Wrong.  Again, my mother’s dining room (the storage space for our to-go items until the day of the sale) was overflowing with our trash….er, treasures.  We couldn’t believe it!  The layers just keep falling away with each new purge.

In total, the three of us made over $1,300.00!  I pocketed $500 of that myself.  Not bad for the millionth yard sale we’ve hosted.

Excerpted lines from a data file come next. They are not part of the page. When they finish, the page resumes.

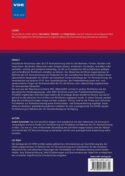 Detaillierte Kenntnisse über die CE-Kennzeichnung sind für alle Betriebe, Firmen, Händler und Importeure, die Geräte, Maschinen oder Anlagen planen, entwickeln, herstellen, vertreiben oder betreiben, wichtig und zwingend notwendig, um die im Europäischen Wirtschaftsraum gültigen und verbindlichen Richtlinien einhalten zu können.Der Ablauf des Zertifizierungsprozesses im Rahmen der CE-Kennzeichnung von Produkten für den europäischen Markt wird in diesem Buch übersichtlich dargestellt. Es werden die komplexen Zusammenhänge der CE-Kennzeichnung, die Vereinbarkeit mit anderen Prüf- bzw. Qualitätszeichen, die Produkthaftung sowie zivil- und strafrechtliche Folgen bei Nichtanwenden der EU-Richtlinien oder unberechtigt angebrachten CE-Kennzeichen behandelt.Die sich aus der Maschinenrichtlinie MRL 2006/42/EG und durch weitere Richtlinien wie die Niederspannungs- oder EMV-Richtlinie sowie das Produktsicherheitsgesetz (ProdSG) ergebenden Anforderungen bilden die Grundlage dieses bewährten Buchs, das beispielsweise auch die sich gegenüber der vorherigen Fassung der MRL ergebenden Änderungen und Vereinfachungen bei Risikobeurteilungs- und Konformitätsbewertungsverfahren darlegt.In einem Glossar werden Begriffe und Bezeichnungen knapp und klar erläutert. Ferner sind für die Praxis sehr hilfreiche Formblätter zur Risikobeurteilung sowie Konformitäts- und Einbauerklärung angefügt.Damit steht ein aktueller, anwenderfreundlicher Leitfaden für eine praxisgerechte Durchführung der Zertifizierung im Rahmen der CE-Kennzeichnung zur Verfügung.CD-ROM:Die beiliegende CD-ROM enthält neben zahlreichen Informationen zur Durchführung des Zertifizierungsprozesses im Rahmen der CE-Kennzeichnung auch Checklisten für die einzelnen Ablaufschritte und editierbare Fassungen der Formblätter zur Risikobeurteilung sowie Konformitäts- bzw. Einbauerklärung. Viele Erläuterungen und Querverweise per Hyperlink ermöglichen den schnellen Zugriff auf die erforderlichen Angaben.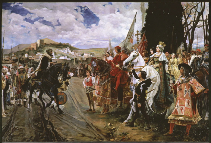 남미의 식민지 시대 미술을 잘 이해하기 위해서는 1492년에 스페인에서 무슨 일이 벌어지고 있었나를 이해하는 것이 중요하다. 1492년 1월에 스페인에서는 그라나다에 남아있던 이슬람 Moor 족을 완전히 몰아내는 중요한 사건이 일어난다. 스페인은 711년에 아랍세력의 침입을 받고 오랫동안 많은 영토가 모슬림에게 점령되어 있었다. 위의 지도에서 1000년 경 스페인의 땅 Al-Andalus 지역이 모슬림 치하에 있었다. 스페인 역사는 이슬람교도를 몰아내기 위한 투쟁의 역사라고도 할 수 있는데 안달루시아 지방에서 떠나지 않고 살고 있었던 Moor 인들을 1492년에 북아프리카로 완전히 몰아낸다.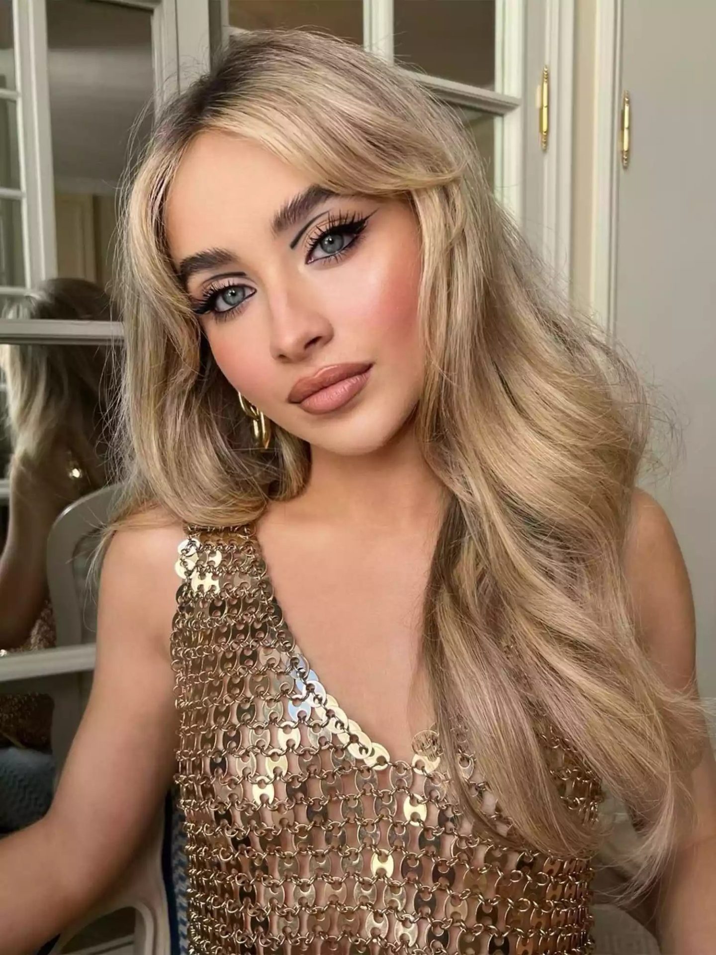 Twiggy is definitely a big influence on Sabrina Carpenter. Line the eyelids around the top, bottom and crease.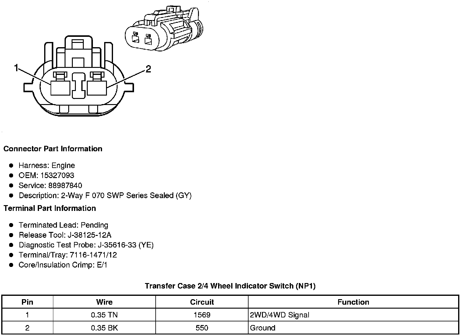 Transfer Case 2/4 Wheel Indicator Switch (NP1)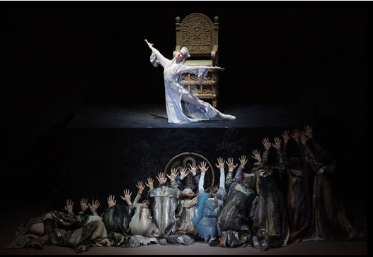 Lors de l’entracte, Katerina Novikova, comme à l’habitude donna un certain nombre d’explications, insistant en particulier sur le sens des trois cylindres du décor de Simon Virsaladze, comparables à des absides orthodoxes, ancrant le ballet dans un sacré, toujours présent aujourd’hui ajouta-t-elle. Si l’on joint à cela que ce ballet voué à Ivan IV, dans l’un des tableaux les plus spectaculaires, chante la victoire contre les Tatares, on voit que ce n’est pas uniquement par son esthétique qu’il conserve une grande actualité.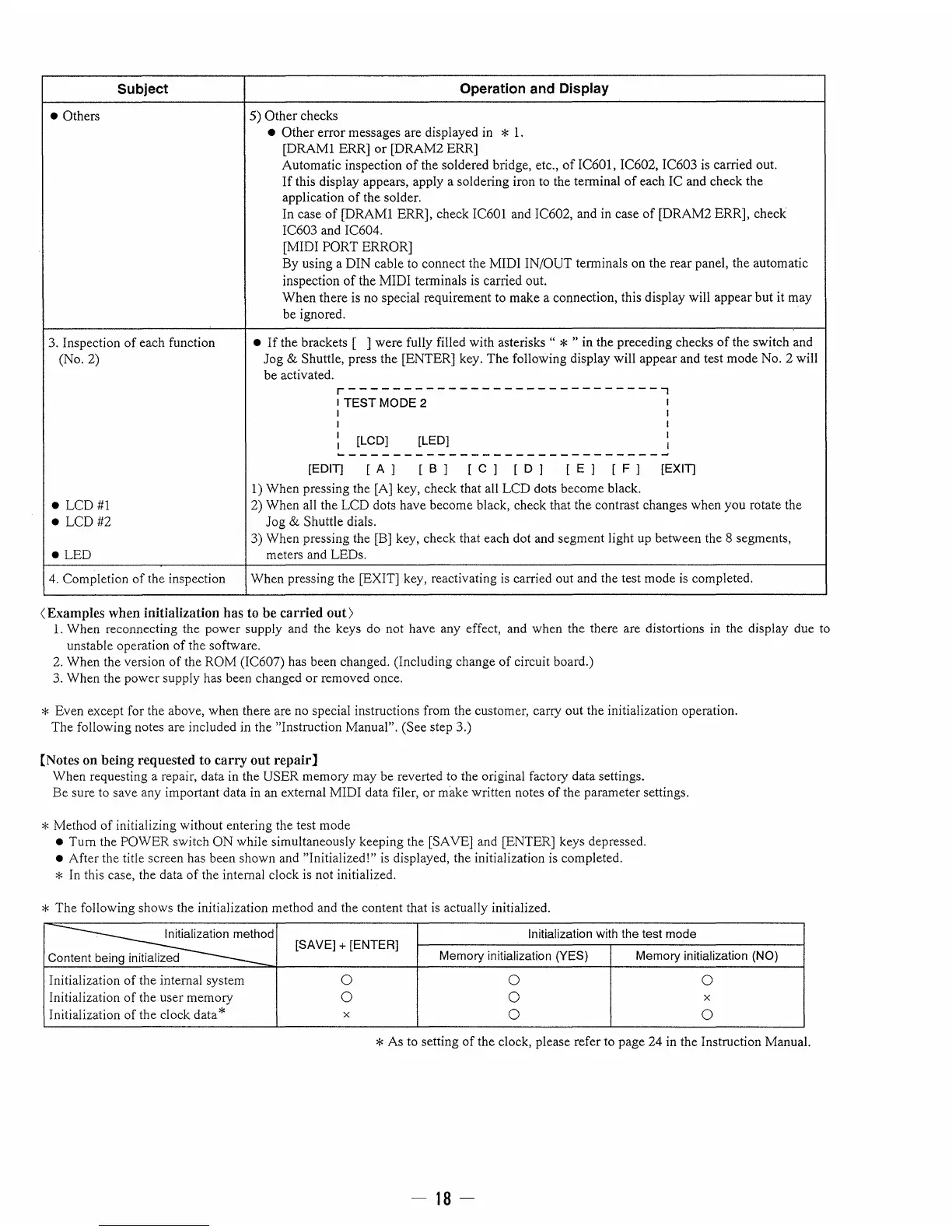 * Even except for the above, when there are no special instructions from the customer, carry out the initialization operation.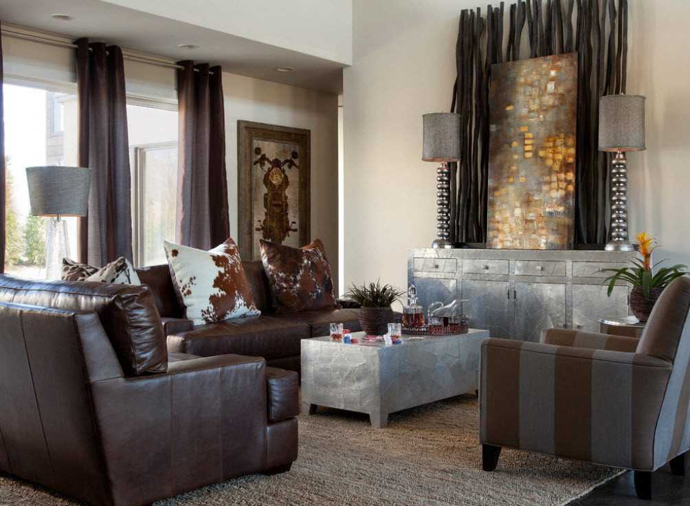 Использование коричневого дивана в разных стилях интерьера комнаты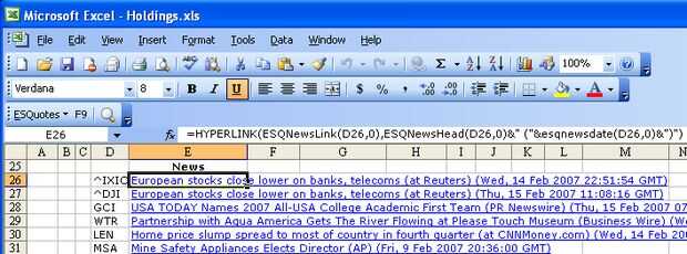 En la celda E26, introduzca =HYPERLINK(ESQNewsLink(D26,0),ESQNewsHead(D26,0) & "(" & esqnewsdate(D26,0) & ")")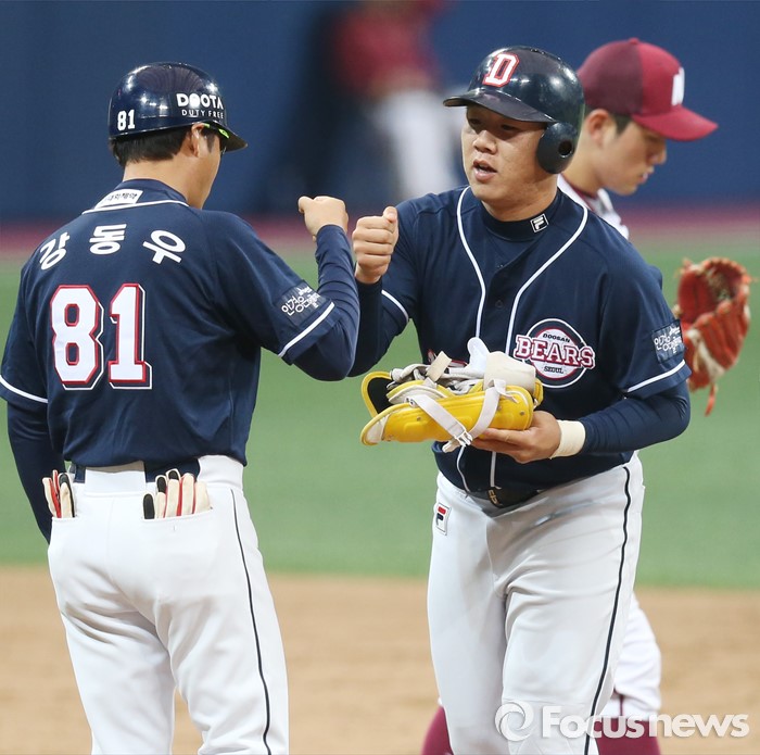 사직 롯데-NC전, 대전 한화-SK전, 광주 KIA-삼성전은 취소됐다. 시범경기는 추후 편성되지 않는다.(서울=포커스뉴스) 18일 서울 고척스카이돔에서 열린 2016 프로야구 시범경기 5회초 두산 선두타자 이우성이 좌익수 왼쪽에 떨어지는 2루타를 치고 강동우 코치와 주먹을 마주치고 있다. 2016.03.18 우정식 기자

Haha!

I’ve noticed this time around, I’m a lot less afraid of giving up the more sentimental items.  There are still a few things I will want to digitize for memory’s sake, but it’s becoming a lot easier to let the hard stuff go.  It feels amazing.

I had a few items out for sale that most people would probably never consider getting rid of, and someone even asked, “You don’t have a sentimental bone in your body, do you?”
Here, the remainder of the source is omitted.